(Stored records)
☆ ☆ ☆
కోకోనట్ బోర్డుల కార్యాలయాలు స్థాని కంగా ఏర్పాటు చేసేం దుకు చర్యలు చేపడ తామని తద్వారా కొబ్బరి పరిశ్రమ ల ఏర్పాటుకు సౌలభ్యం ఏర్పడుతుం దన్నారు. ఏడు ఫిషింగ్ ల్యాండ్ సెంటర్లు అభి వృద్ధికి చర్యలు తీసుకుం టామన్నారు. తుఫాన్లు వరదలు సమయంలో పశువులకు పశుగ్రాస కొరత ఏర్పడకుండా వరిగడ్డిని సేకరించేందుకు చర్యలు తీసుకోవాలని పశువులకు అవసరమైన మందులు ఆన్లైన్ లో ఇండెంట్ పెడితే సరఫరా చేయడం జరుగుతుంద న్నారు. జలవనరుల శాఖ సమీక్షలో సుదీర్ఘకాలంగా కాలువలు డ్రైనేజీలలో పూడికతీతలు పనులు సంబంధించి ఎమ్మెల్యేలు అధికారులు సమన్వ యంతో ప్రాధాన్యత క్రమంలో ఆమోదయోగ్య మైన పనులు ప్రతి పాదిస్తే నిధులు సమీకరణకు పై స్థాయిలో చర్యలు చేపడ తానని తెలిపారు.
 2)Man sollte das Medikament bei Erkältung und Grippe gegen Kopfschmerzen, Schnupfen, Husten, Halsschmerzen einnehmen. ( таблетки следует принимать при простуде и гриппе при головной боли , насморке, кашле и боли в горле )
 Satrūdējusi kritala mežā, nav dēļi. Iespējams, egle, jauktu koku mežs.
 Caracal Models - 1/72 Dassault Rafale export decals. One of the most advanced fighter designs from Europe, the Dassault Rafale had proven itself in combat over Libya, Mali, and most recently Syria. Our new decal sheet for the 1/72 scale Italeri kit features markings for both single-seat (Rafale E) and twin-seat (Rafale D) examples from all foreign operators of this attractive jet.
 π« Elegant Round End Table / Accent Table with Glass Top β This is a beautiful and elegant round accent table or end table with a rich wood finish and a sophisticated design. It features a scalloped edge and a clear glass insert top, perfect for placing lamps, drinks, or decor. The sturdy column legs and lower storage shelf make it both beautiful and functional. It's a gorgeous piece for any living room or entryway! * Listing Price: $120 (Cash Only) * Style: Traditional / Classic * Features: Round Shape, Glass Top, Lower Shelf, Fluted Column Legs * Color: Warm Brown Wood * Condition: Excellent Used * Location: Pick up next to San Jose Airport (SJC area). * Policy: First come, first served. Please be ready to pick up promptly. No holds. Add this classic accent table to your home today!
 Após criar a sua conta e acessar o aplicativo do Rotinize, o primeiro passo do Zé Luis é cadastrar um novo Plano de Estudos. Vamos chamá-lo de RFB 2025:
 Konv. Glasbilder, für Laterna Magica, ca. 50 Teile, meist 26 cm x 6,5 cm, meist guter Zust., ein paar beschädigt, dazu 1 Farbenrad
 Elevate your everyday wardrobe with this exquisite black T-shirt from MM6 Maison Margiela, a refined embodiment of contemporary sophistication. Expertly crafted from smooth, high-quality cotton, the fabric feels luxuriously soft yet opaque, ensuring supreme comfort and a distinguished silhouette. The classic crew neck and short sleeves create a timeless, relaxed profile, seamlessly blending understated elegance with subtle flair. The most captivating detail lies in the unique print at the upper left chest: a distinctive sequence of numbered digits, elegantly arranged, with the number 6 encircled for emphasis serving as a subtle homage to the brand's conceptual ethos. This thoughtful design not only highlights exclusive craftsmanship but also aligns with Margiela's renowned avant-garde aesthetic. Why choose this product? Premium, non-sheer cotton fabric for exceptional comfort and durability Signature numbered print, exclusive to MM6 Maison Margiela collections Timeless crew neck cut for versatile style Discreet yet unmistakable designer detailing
☆ ☆ ☆
- [What you should do]:
Transcribe each line of the data above, unaltered, from the one where "Após criar a" appears to the one where "Konv. Glasbilder, für" appears, inclusive of both.

- [Result for this exercise]:
 Após criar a sua conta e acessar o aplicativo do Rotinize, o primeiro passo do Zé Luis é cadastrar um novo Plano de Estudos. Vamos chamá-lo de RFB 2025:
 Konv. Glasbilder, für Laterna Magica, ca. 50 Teile, meist 26 cm x 6,5 cm, meist guter Zust., ein paar beschädigt, dazu 1 Farbenrad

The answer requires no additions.